Do you prefer stocks that pay handsome dividend income? We ran a screen with this idea in mind.
We began by screening for high dividend yield stocks: those paying dividend yields above 4% and sustainable payout ratios below 50%.
Then to analyze these companies' profitability, we ran DuPont analysis on the names. DuPont analyzes profitability by breaking up return on equity (net income/equity) into three components:
= (Net Profit/Equity)
= (Net profit/Sales)*(Sales/Assets)*(Assets/Equity)
= (Net Profit margin)*(Asset turnover)*(Leverage ratio)
Because increases in net margin and asset turnover are considered good things, DuPont focuses on companies with these positive characteristics: Increasing ROE along with,
- Decreasing leverage, (i.e. decreasing Asset/Equity ratio)
- Improving asset use efficiency (i.e. increasing Sales/Assets ratio) and improving net profit margin (i.e. increasing Net Income/Sales ratio)
Those companies that pass DuPont are seeing positive trends in the sources of their increasing profitability, which adds further weight to the idea that the names are profitable.
For an interactive version of this chart, click on the image below. Analyst ratings sourced from Zacks Investment Research.
click for interactive chart
Tool provided by Kapitall (www.kapitall.com).
Do you think these stocks pay reliable dividends? Use this list as a starting point for your own analysis.

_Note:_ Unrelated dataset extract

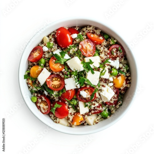A bowl of quinoa salad with cherry tomatoes and feta cheese, isolated white background, modern art style

List sorted by dividend yield.
1. Belo Corp. (NYSE:BLC): Operates as a television company. Market cap at $742.61M, most recent closing price at $7.19. Dividend yield at 4.39%, payout ratio at 32.30%. MRQ net profit margin at 14.6% vs. 10.87% y/y. MRQ sales/assets at 0.109 vs. 0.106 y/y. MRQ assets/equity at 5.484 vs. 5.896 y/y.
2. Sunoco Logistics Partners L.P. (NYSE:SXL): Engages in the transport, terminalling, and storage of refined products and crude oil, as well as the purchase and sale of crude oil in the United States. Market cap at $4.62B, most recent closing price at $44.34. Dividend yield at 4.22%, payout ratio at 47.75%. MRQ net profit margin at 4.58% vs. 3.87% y/y. MRQ sales/assets at 0.64 vs. 0.496 y/y. MRQ assets/equity at 4.232 vs. 4.869 y/y.
3. Oiltanking Partners, L.P. (NYSE:OILT): Provides integrated terminaling, storage, pipeline, and related services for third-party companies engaged in the production, distribution, and marketing of crude oil, refined petroleum products, and liquefied petroleum gas. Market cap at $1.37B, most recent closing price at $35.78. Dividend yield at 4.04%, payout ratio at 48.05%. MRQ net profit margin at 46.49% vs. 25.44% y/y. MRQ sales/assets at 0.109 vs. 0.101 y/y. MRQ assets/equity at 1.119 vs. 1.145 y/y.
4. FutureFuel Corp. (NYSE:FF): Engages in the manufacture and sale of specialty chemicals and bio-based products primarily in the United States. Market cap at $414.85M, most recent closing price at $9.97. Dividend yield at 4.02%, payout ratio at 42.43%. MRQ net profit margin at 8.29% vs. 4.92% y/y. MRQ sales/assets at 0.218 vs. 0.162 y/y. MRQ assets/equity at 1.343 vs. 1.352 y/y.
*Accounting data sourced from Google Finance, all other data sourced from Finviz.
Disclosure: I have no positions in any stocks mentioned, and no plans to initiate any positions within the next 72 hours. I wrote this article myself, and it expresses my own opinions. I am not receiving compensation for it (other than from Seeking Alpha). I have no business relationship with any company whose stock is mentioned in this article.